In an acting career that spans more than 40 years, Baden-Semper has appeared in numerous radio, television, film and theatre productions and has toured worldwide in many plays. She has played varied stage roles in dramatic works that range from The Bacchae by Euripides, Le Bourgeois gentilhomme by Molière and The Blacks by Jean Genet to modern thrillers such as Wait Until Dark and Stepping Out, as well as comedy roles. She has been a television presenter for children’s programmes and also Morning Worship for the BBC, and has made numerous guest appearances on quizzes, talks and panel shows both nationally and internationally. Baden-Semper made two single releases and an album and was recently a rapper on a So Solid Crew video.

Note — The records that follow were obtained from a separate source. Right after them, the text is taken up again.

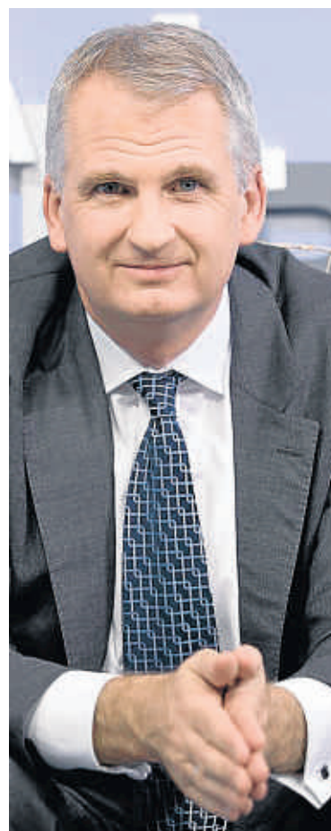
El escritor Timothy Snyder
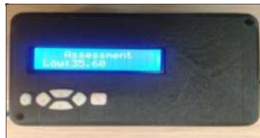
شکل ۴. نمونه‌ای از نتیجه نهایی ارایه شده توسط دستگاه سنجش بار کاری فیزیکی

جدول ۱، دو روش برآورد درجه بار کاری فیزیکی به وسیله دستگاه و با روش دستی را از نظر امتیاز کاربردپذیری سیستم و مدت زمان مورد نیاز مقایسه می‌کند. بیشترین و کمترین امتیاز کاربردپذیری ثبت شده برای دستگاه ساخته شده به ترتیب ۷۹ و ۹۵ و میانگین نمره کاربردپذیری این سیستم برابر با ۸۴/۶ برآورد گردید که مطابق با شکل ۲، در محدوده B و کاربردپذیری خیلی خوب قرار گرفت؛
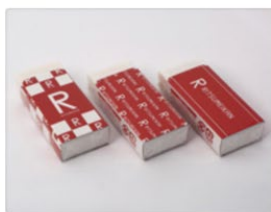
消しゴム 各200円（税込）
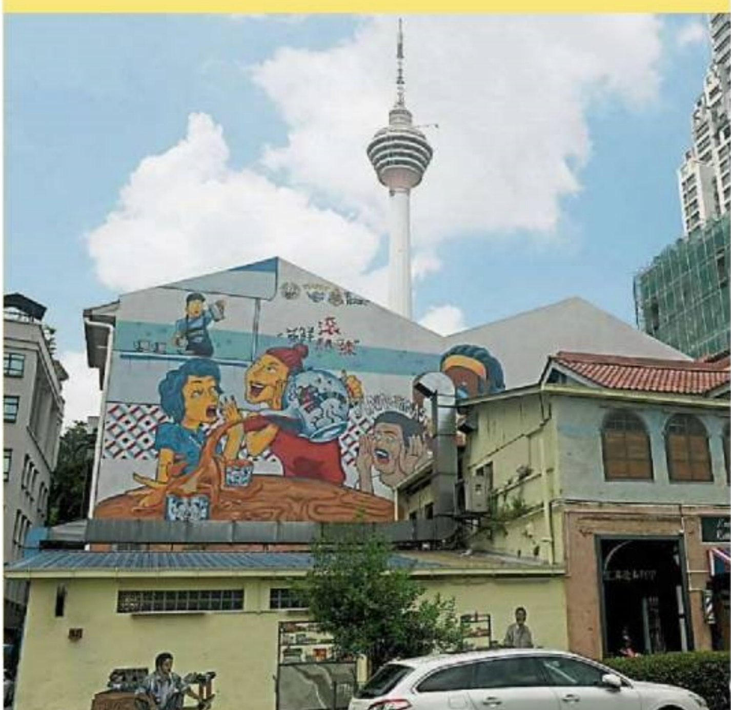
步行在壁画街上，还能看见远在天边的吉隆坡塔。

Becoming known on television for appearing between 1972 and 1976 in the sitcom Love Thy Neighbour that also featured Jack Smethurst, Rudolph Walker and Kate Williams, Baden-Semper has appeared in other character parts, including in the ill-fated revival of TV series Crossroads in 2002. In 2006, she guest-starred in the Doctor Who audio adventure Memory Lane. In the BBC Two black magazine showcase The A-Force, she appeared in the series entitled Brothers and Sisters as Elder Gittens' widow. Baden-Semper is also the cousin of American jazz, funk and soul music producer and artist George Semper.

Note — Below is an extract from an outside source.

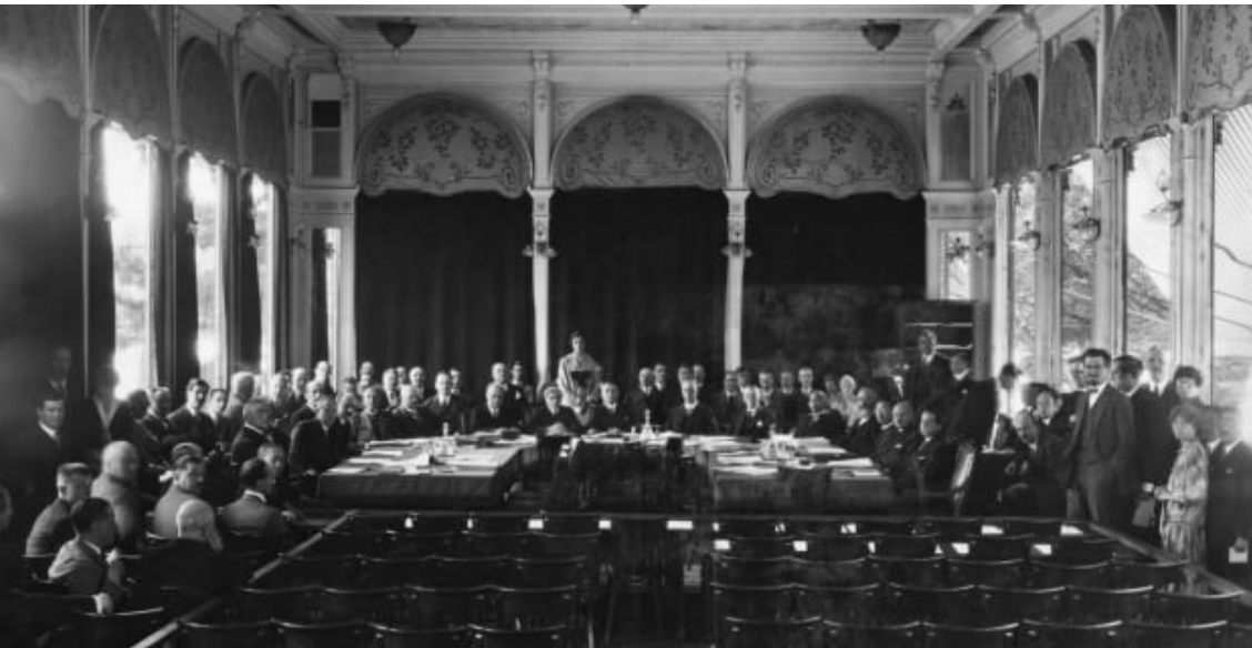
ภาพการก่อตั้งสันนิบาตชาติที่เป็นผลมาจากหลัก ๑๔ ประการ และสนธิสัญญาแวร์ซาย

ผลกระทบต่อระบบเศรษฐกิจของประเทศต่าง ๆ ในยุโรปอย่างมาก ในไม่กี่ปีหลังจากนั้น วูดโรว์ วิลสัน ประธานาธิบดีคนที่ ๒๘ ของสหรัฐอเมริกา ซึ่งดำรงตำแหน่งในช่วงเวลาดังกล่าว (ค.ศ.๑๙๑๓ - ๑๙๒๑) ได้มีบทบาทสำคัญอย่างยิ่งในการผลักดันแนวความคิดเสรีนิยมของตน (Wilsonian) ผ่าน “หลัก ๑๔ ประการ” ซึ่งเป็นข้อเสนอสำคัญในสนธิสัญญาแวร์ซาย ๕ ที่ฝ่ายสัมพันธมิตรเรียกว่าเป็นสัญญาสันติภาพที่บังคับให้ฝ่ายอักษะนำโดยจักรวรรดิเยอรมนีลงนามแสดงสถานะการยุติสงครามโลกครั้งที่ ๑ โดยมีสาระสำคัญพื้นฐานคือ ความพยายามทำให้สังคมโลกอยู่ในความสงบและมีความมั่นคงและสันติภาพ และให้มีการตั้งกฎเกณฑ์เพื่อป้องกันและลงโทษประเทศที่ก่อสงครามขึ้นผ่านกลไกความร่วมมือจากนานาชาติ หลัก ๑๔ ประการ จึงเป็นรากฐานของการจัดตั้งองค์การเพื่อความมั่นคงในระดับโลกในสมัยนั้นขึ้นมา คือ สันนิบาตชาติ (League of Nations) เพื่อเป็นตัวแทนในการจัดระเบียบโลกในช่วงเวลาดังกล่าว

In 2005, Baden-Semper appeared as Mary Seacole at a bicentenary exhibition at the Florence Nightingale Museum.

==Awards and honours==

Baden-Semper has been the recipient of Joint Television Award and also Outstanding Female Personality, and was the subject of the ITV programme This Is Your Life on 12 March 1975. She was also given the Scarlet Ibis Award by the Trinidad and Tobago High Commission in London for meritorious service.

==Filmography==
- Film
- Carry On Up the Jungle (1970) – Girl Nosha (uncredited)
- Kongi's Harvest (1970) – Segi
- The Love Ban (1973) – Skyline Waitress
- Love Thy Neighbour (1973) – Barbie Reynolds
- Rage (1999) – Godwin's mother

- Television
- Six Shades of Black (1965) – Fatima
- Redcap (1966) – Nurse
- Public Eye (1966) – Barmaid / Pearl
- The Corridor People (1966) – Pearl
- Intrigue (1966) – Nurse
- Rainbow City (1967) – Nurse
- The Wednesday Play (1968) – Ward nurse
- Mystery and Imagination (1968) – Vampire
- Counterstrike (1969) – Mrs. Sengupta
- Armchair Theatre (1970) – Annie Steffans
- Callan (1970) – Anna
- Confession (1970) – Waitress
- Take Three Girls (1970) – Claire
- The Persuaders! (1970) – Air Hostess
- Dear Mother...Love Albert (1970) – Ursula
- Thick as Thieves (1971)
- Love Thy Neighbour (1972–1976) – Barbie Reynolds
- Whodunnit? (1975) – Panellist
- Machinegunner (1976) – Felicity Rae Ingram
- George and Mildred (1979) – Sister
- The Bill (1988) – Mrs. Leigh
- Children's Ward (1989) – Jan Stevens
- Little Napoleons (1994) – Earnestina
- Crossroads (2002) – Rhona Martin
- Bernard's Watch (2004) – Bami (Last appearance)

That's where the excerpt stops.